The main focus of the argument is on Coinbase’s ignorance or knowledge about this huge scam. Former customers claim that Coinbase exchange, as a regulated money service business that is operating in more than 30 states, could have known that the sum of aproximately $8.3 million – which Vernon allegedly claimed were profits from Cryptsy’s operations, regarding also his activities – came from a suspicious source. This case is the last twist in long, global Cryptsy saga.
Cryptsy, as the exchange with the biggest trading volume for alternative cryptocurrencies, closed its doors in late 2015, after a long period of service issues, escalating more and more. All trading was blocked in January of 2016, and just several days after the event, the exchange went completely offline, announcing that the huge theft occurred.
Shortly after that, the lawsuit action was filed in Florida, a court-appointed receiver took control over Cryptsy’s funds in the spring of 2016, setting the stage of a settlement agreement between former customers and Vernon’s ex-wife, who was also mentioned in the original suit. Cryptsy’s CEO Vernon did not respond to the suit, denying allegations that he stole millions of dollars from his customers. Those funds are now the center of the case between Coinbase and Cryptsy’s former customers.
The board of Coinbase didn’t wish to comment on this lawsuit, but decided to try to negotiate the dispute through arbitration, citing user agreements that Vernon signed when Cryptsy first started exchanging funds through Coinbase. Later, judge Marra concluded that users were not bound by the agreement signed by Paul Vernon.

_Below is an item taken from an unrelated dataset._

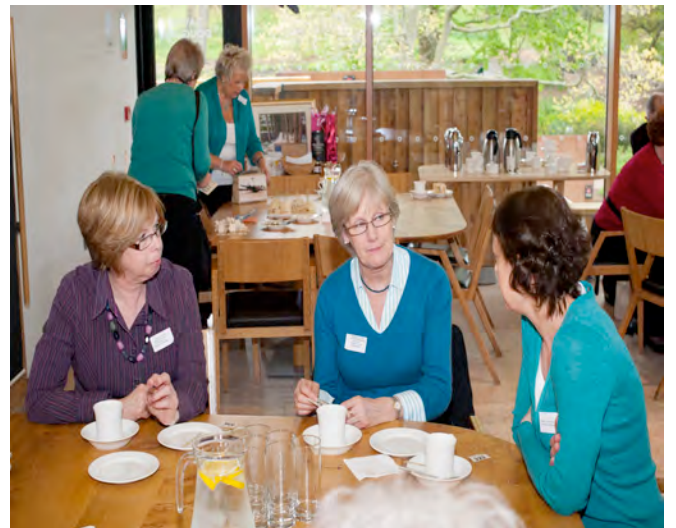
A jolly afternoon had by all.

What will be the next step? Judge Marra’s decision now blocks any efforts to resolve this case outside the court, setting the stage for discovery and for the suit to advance further. A wider class-action suit is also moving forward. In this one, Cryptsy’s former customers seek to get back their funds that were lost during the exchange’s collapse. Sources say that the legal team standing behind this class-action suit is preparing for its first distribution of funds that were taken from the settlement with Vernon’s ex-wife. This process should be done in next several months. Coindesk is a subsidiary of Digital Currency Group which has an ownership stake in Coinbase.